Yesterday, we learned that The Wolverine won't be a prequel - instead, it will be set after the original X-Men trilogy. So, why was Japan the right setting for Logan after the traumatic events of Brett Ratner's X-Men: The Last Stand? (some fans would of course argue that the film was a traumatic experience for them as well!)
"The cultural qualities that Japan and its people bring - honour, a sense of duty, of conflict - really fit beautifully around Logan. Our film find Logan at a point where he's very much a ronin - a samurai without a master. Anyone he ever had a connection to is either dead or gone."
Logan's last solo outing, X-Men Origins: Wolverine, did not go down well with fans OR critics, and Hugh Jackman has repeatedly made it clear that this film will make right the wrongs of the past. James Mangold also has a clear desire to make a great Wolverine film, but he goes on to reveal that his vision doesn't include anything on the scale of something like Marvel's $1.5 billion hit, The Avengers. Instead, he's looking to ground this particular adaptation in a far more realistic setting.

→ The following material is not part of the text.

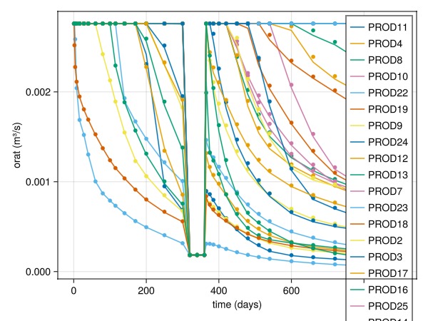 plot_comparison(wells, ref, rep_t, :qws, producers)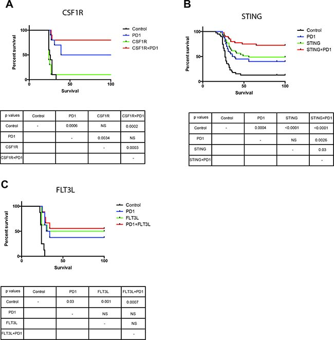 We have tested other agents that activate the innate immune defense such as Sting, which is a TLR-independent pathway of innate defense triggered by nucleic acids. We tested the administration of FLT3L, a key factor in the differentiation of monocytes into dendritic cells [26], and showed that FLT3L administration provides a comparable survival benefit when compared to anti-PD-1, but there is no enhanced survival when FLT3L is administered with PD1. Additionally, anti-CSF-1R antibody was also tested to target tumor-associated macrophages and revert their inhibitory effect on the immune response [27]. CSF1R alone did not have a survival benefit but when combined with anti-PD-1 there was a significant enhancement of the survival benefit. We also tested the effect of STING, a TLR independent mediator of the innate immune response that is activated by cytosolic nucleic acids [28] and when combined with anti-PD-1 there was a significant enhancement in the survival benefit as compared with STING or anti-PD-1 alone (Figure 7). Together, the data from our survival experiments strongly suggests that targeting myeloid cells may be an effective strategy against GBM.

"When I say realistic, what I mean is that it's not built on 70-foot lizards from outer space. Our goal is to try to be a little less super-CG and wires, and a little more hardcore. I want the film to feel analogue. You always have large-scale action and adventure - it wouldn't be a movie about gods if you didn't have epic physicality. But we all feel we're making a Japanese noir picture with tentpole action in it."